Wittebroodskind

Het Wittebroodskind uitgebeeld in een lantaarnconsole in Utrecht aan de werf van de Lichte Gaard.

Het Wittebroodskind is een hoofdpersonage uit volksverhalen die gaan over de bouwgeschiedenis van de Mariakerk in Utrecht. De sage over het Wittebroodskind werd voor het eerst opgetekend in de middeleeuwen. Diverse varianten van het volksverhaal, alsook lokale gebouwen, verwijzen naar het Wittebroodskind. Deze beperken zich niet uitsluitend tot Utrecht maar spelen ook in andere plaatsen met hun lokale situatie. Met name het funderen op runderhuiden keert daarin regelmatig terug.[1] Een wittebroodskind is daarnaast ook een uitdrukking voor een verwend kind.

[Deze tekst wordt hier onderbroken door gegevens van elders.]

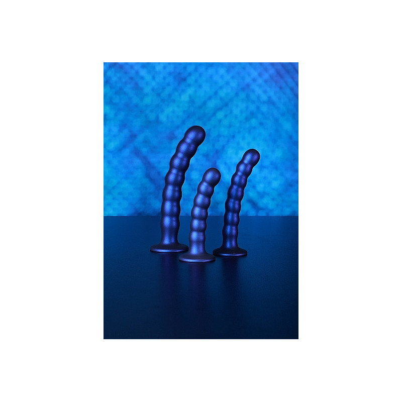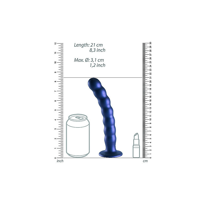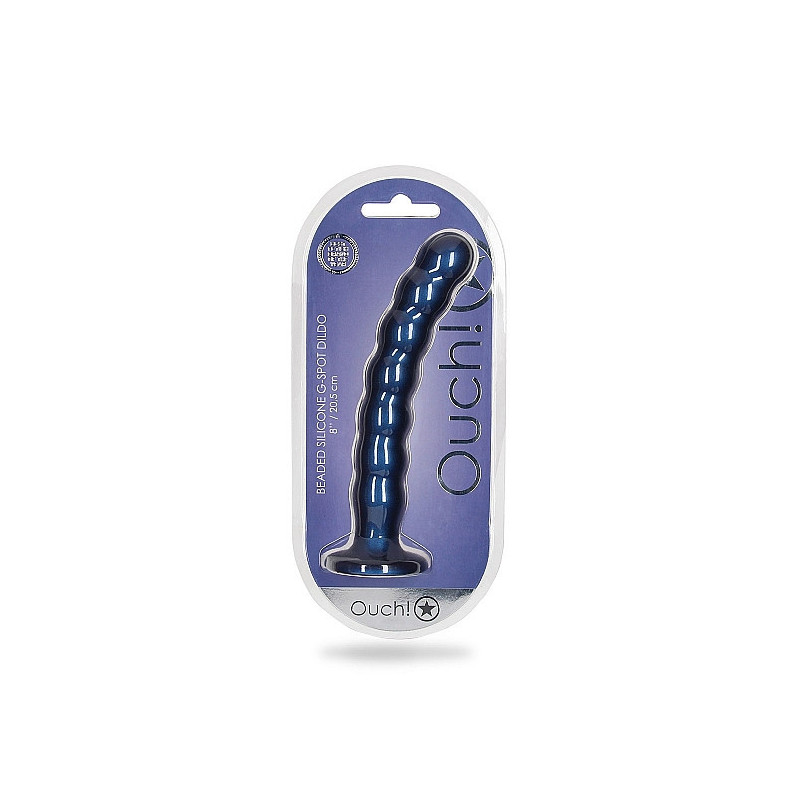 Il dildo in silicone per punto G con perline da 8" / 20,5 cm, con la sua forte ventosa e il bel colore metallico, è in una classe a sé stante. Che tu stia giocando da solo, con il tuo partner o addirittura usandolo con uno strap-on, esplora nuovi piaceri con questi bellissimi dildo in silicone premium e silicone liquido di Ouch! Si abbinano perfettamente alle mutandine Ouch Strap-on.
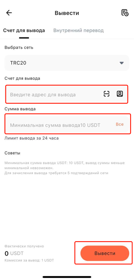 3. Заполните поле с адресом для вывода средств и укажите сумму, затем нажмите "Вывести".
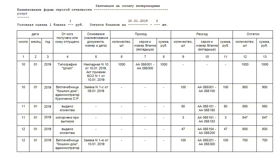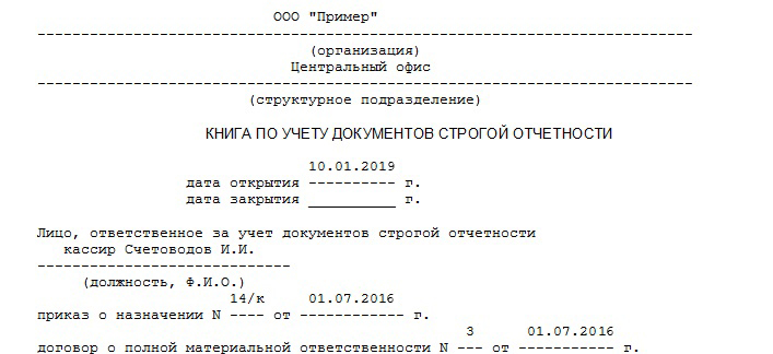 Книга учета бланков строгой отчетности: образец заполнения
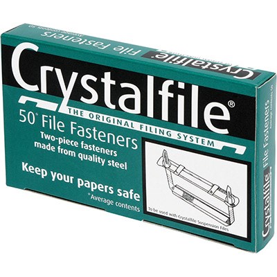 2 piece metal system with sliding mechanism which makes fastening action quick and easy. Suits standard 2-hole punched folder. 80mm centres with 50mm prong. Ideal for use with crystalfile suspension files. Made from quality steel.
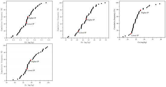 A normal distribution test for heavy metal contents was performed when abnormal values, considered as such due to being outside the 1.5-fold quartile difference, were found, and these values were gradually excluded by the use of box chart statistics (Figure 3) [40]. After eliminating anomalous data, the remaining data for the heavy metal contents could basically meet the normal distribution. After removing the abnormal points of heavy metal concentrations, the relative cumulative frequency curve of concentrations for each element was drawn, as shown in Figure 3. All the curves exhibited two inflection points (IP1 and IP2, as shown in Figure 4) based on the relationship between heavy metal contents and their relative cumulative frequency. As, Cd, and Pb showed more sample points above IP2 than the other three heavy metals, indicating that As, Cd, and Pb pollution is greatly affected by human activities in the study area. Regarding the relative cumulative frequency curves, the average value of sample concentrations below IP1 was used as the geochemical baseline value for each heavy metal. The geochemical baseline values of heavy metals in study area are shown in Table 6. Compared with the geochemical baselines of other studies in Yongqiao, the values in the study area show no significant difference from those in the coal mining area [28]. However, compared with the non-coal mining areas covering a larger area, the values in the study area are higher [27]. The reason for this difference is that heavy metal pollution caused by various human activities is widespread in the study area.
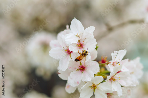© Narong, Fototapeta premium A bee and cherry blossoms are in full bloom.
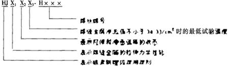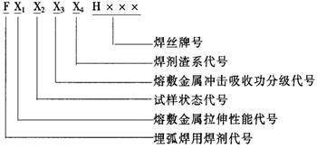 国标GB/T5293-1999颁布时间不长,该标准的前身GB5293-85《碳素钢埋弧焊用焊剂》中焊剂型号是根据埋弧焊焊缝金属的力学性能来划分的。焊缝金属的力学性能与所配用的焊丝有关,所以焊剂型号以与其匹配的焊丝组合表示,其表示方法如下[6,7]:
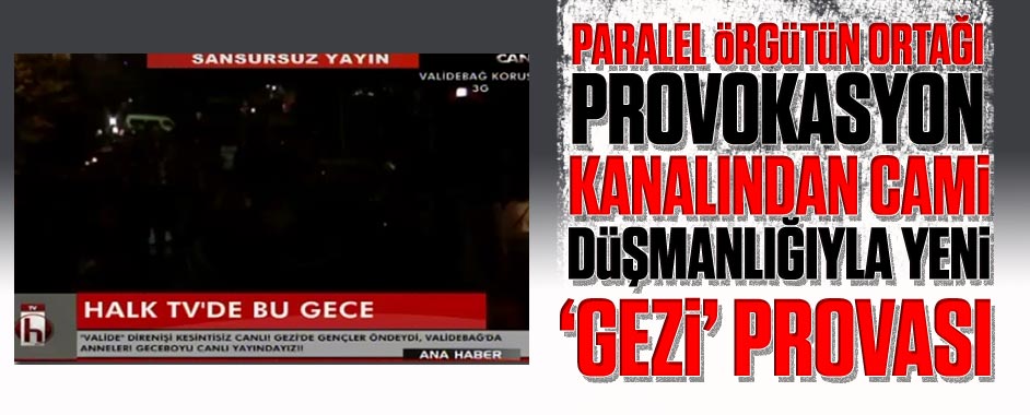 Gezi kalkışmasında provakatif haberleriyle ön plana çıkan CHP’nin kanalı Halk tv yine sahnede! Gezi kalkışması sırasında provakatif yayınlarıyla ön plana çıkan ‘Zaman gazetesi’nin de reklam verdiği Halk tv provakatif haberleriyle yine sahneye çıktı. Üsküdar Validebağ korusunda cami yapımına karşı çıkan ‘Cami düşmanlarını’ın eylemlerini canlı yayında provakatif bir şekilde veren Halk …
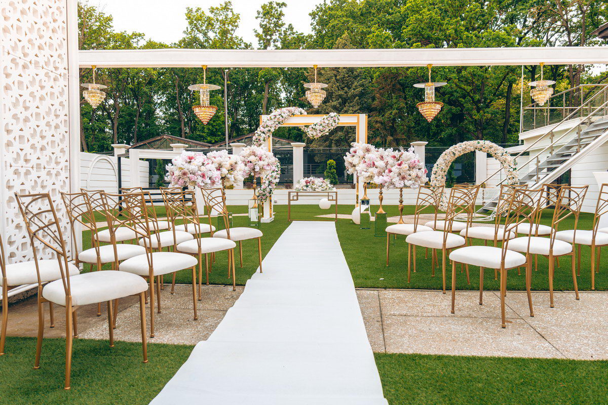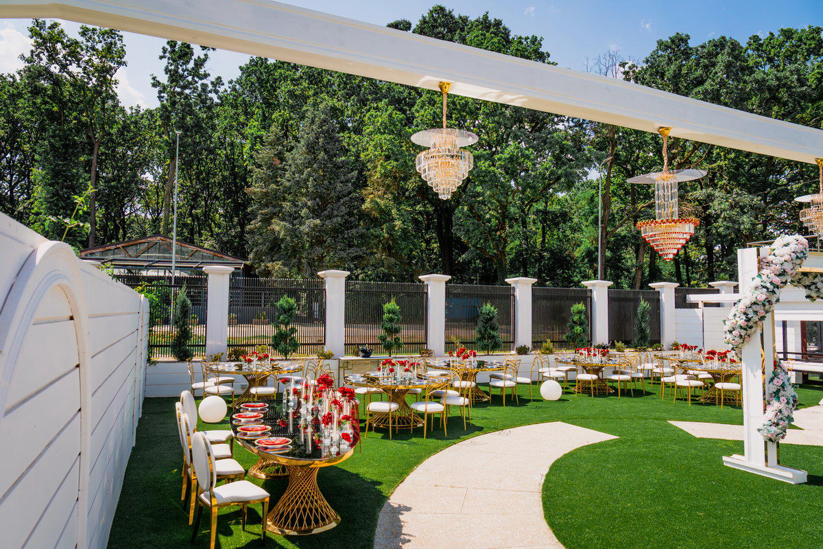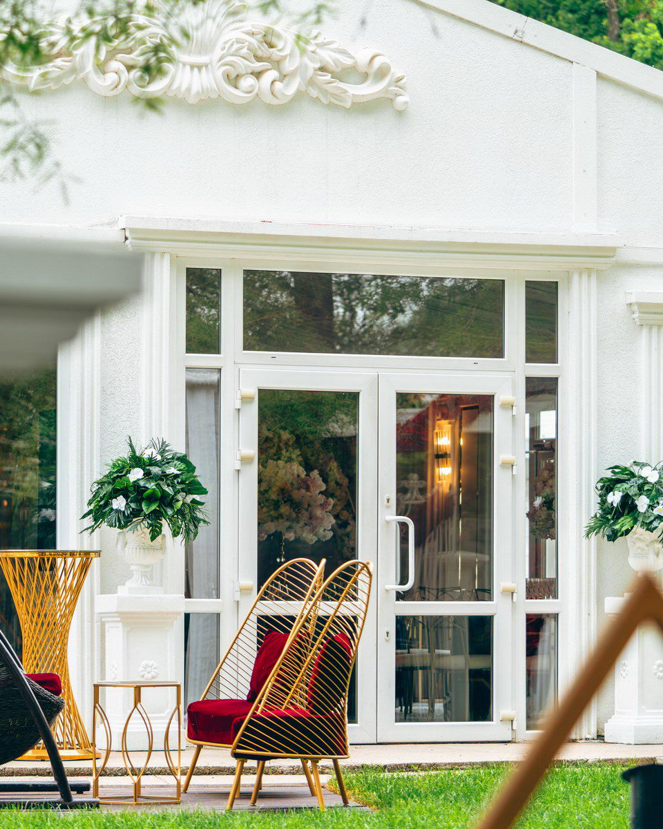 Albul, ce emana puritate, se combina perfect cu exteriorul verde si aranjamentele florale, dand senzatia de un spatiu in comuniune cu natura. In functie de luminile ambientale si jocul de culori, sirul povestii continua conform dorintelor clientilor.

  1. Over het daadwerkelijk funderen in het verleden met runderhuiden liet de toenmalige Nederlandse minister van VROM Dekker in 2006 het volgende weten aan de Tweede Kamer:

    De veronderstelling dat vroeger op koeienhuiden werd gefundeerd moet ik overigens naar het rijk der fabelen verwijzen, hoewel dit soort verhalen net zo onuitroeibaar blijken te zijn als de verhalen over vermeende onderaardse gangen in burchten en kloosters. Ten eerste is er voorzover mij bekend in Nederland nog nooit een fundering van koeienhuid aangetroffen, terwijl deze huiden door het grondwater uitstekend geconserveerd hadden moeten zijn. In de tweede plaats komt in oude bouwverslagen de zinsnede voor dat de bouw «op huyden is begonnen» hetgeen in oud-Nederlands niets anders wil zeggen dan dat de bouw heden is aangevangen. Wel wil het geval dat in Amsterdam enkele panden bekend zijn die «op huyden» zijn gebouwd. Uit onderzoek blijkt dat hiervoor afgedankte scheepshuiden (scheepswanden) zijn gebruikt. De lange planken werden horizontaal neergelegd en een bouwwerk werd daarbovenop gemetseld. Verder bestaat er nog een apocrief verhaal van de hand van Jacob van Lennep, waarin verhaald wordt hoe de zoon van een Fries bouwmeester het geheim van de fundering van de Maria-kerk in Utrecht wordt ontfutseld, n.l. dat een wel in de bodem onder de kerk zou zijn volgestort met koeienhuiden. Enig feitelijk bewijs van deze «onthulling» is echter nimmer aangetroffen.

    Kamerstuk 29 392 Wijziging van de Woningwet en enkele andere wetten (verbetering naleving, handhaafbaarheid en handhaving bouwregelgeving), beantwoording vraag 3. Overheid.nl (23 januari 2006). Geraadpleegd op 16 september 2012.